Com efeito, “se o adicional de função (ex facto officii) tem em mira a retribuição de uma função especial exercida em condições comuns, a gratificação de serviço (propter laborem) colima a retribuição do serviço comum prestado em condições especiais” (Wallace Paiva Martins Junior. Remuneração dos agentes públicos, São Paulo: Saraiva, 2009, p. 85).

         Ademais, oportuno advertir que, verbis:

“as vantagens pecuniárias, sejam adicionais, sejam gratificações, não são meios para majorar a remuneração dos servidores, nem são meras liberalidades da Administração Pública. São acréscimos remuneratórios que se justificam nos fatos e situações de interesse da Administração Pública” (Diógenes Gasparini. Direito Administrativo, São Paulo: Saraiva, 2008, 13ª ed., p. 233).

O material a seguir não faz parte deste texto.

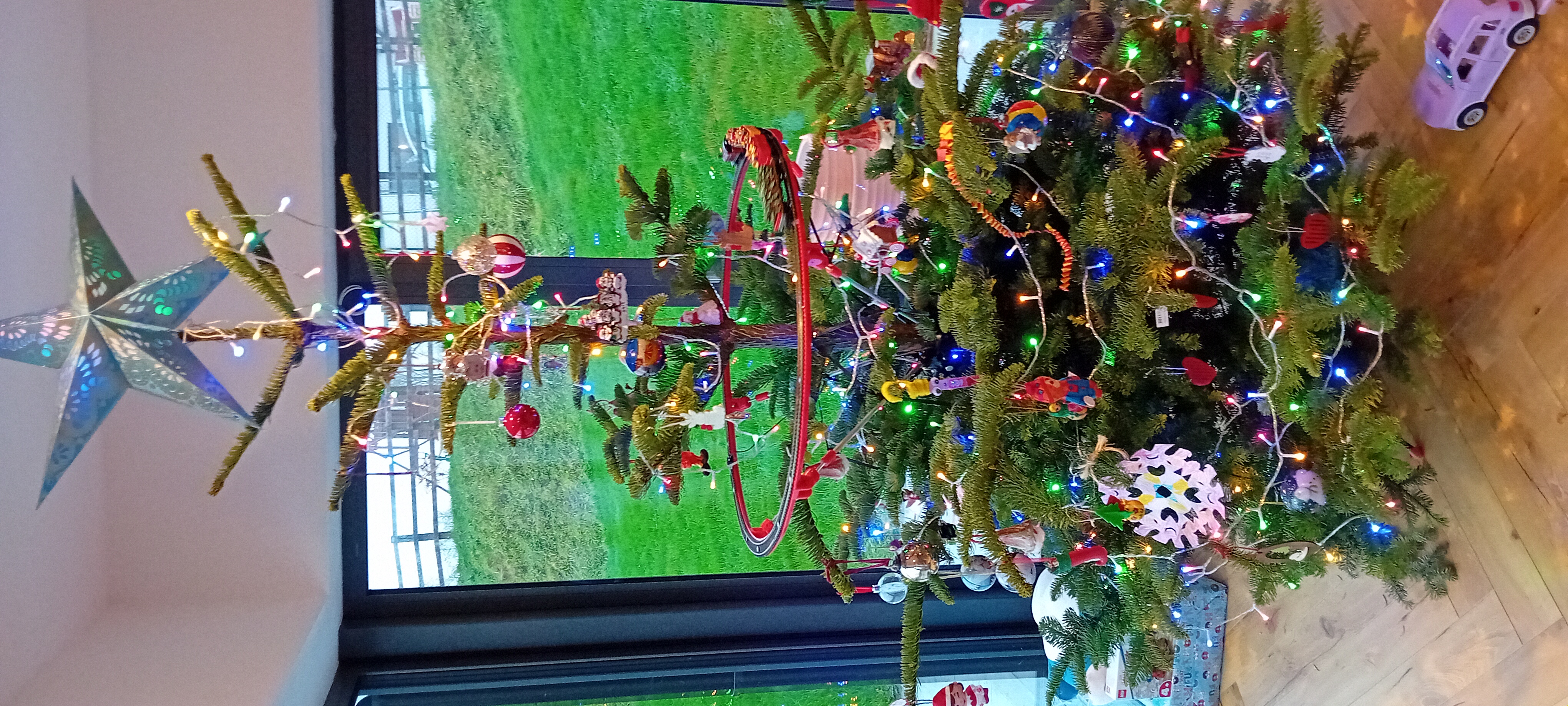 Tui đã dùng bộ Hệ thống Tàu Giáng Sinh Santa's Express của Hornby (R1248) khổ OO, loại tàu thường đặt vòng quanh gốc cây thông Noel, để chế tạo một bệ đỡ cho nó chạy vòng quanh giữa cây, trên cao khỏi tầm tay mấy đứa nhỏ.

         Os adicionais são devidos em razão do tempo de serviço (adicionais de vencimento ou por tempo de serviço) ou do exercício de cargo (condições inerentes ao cargo), que exige conhecimentos especializados ou regime especial de trabalho (adicionais de função) como melhora de retribuição. O adicional de função (ex facto officii) repousa no trabalho que está sendo feito (pro labore faciendo), razão pela qual cessado seu motivo, elide-se o respectivo pagamento, compreendendo as seguintes espécies:

“de tempo integral (regime em que o servidor fica inteiramente à disposição da pessoa a que se liga e proibido de exercer qualquer outra atividade pública ou privada), de dedicação plena (regime em que o servidor desempenha suas atribuições exclusivamente à pessoa pública a que se vincula, sem estar impedido de desempenhar outras em entidade pública ou privada, diversas das que desempenha para a pessoa pública em regime de dedicação plena) e de nível universitário (desempenho de atribuições que exige um conhecimento especializado, só alcançado pelos detentores de títulos universitários)” (Diógenes Gasparini. Direito Administrativo, São Paulo: Saraiva, 2008, 13ª ed., pp. 230-231).

         As gratificações são precárias e contingentemente instituídas, para o desempenho de serviços comuns em condições anormais de segurança, salubridade ou onerosidade (gratificações de serviço) ou a título de ajuda em face de certos encargos pessoais (gratificações pessoais).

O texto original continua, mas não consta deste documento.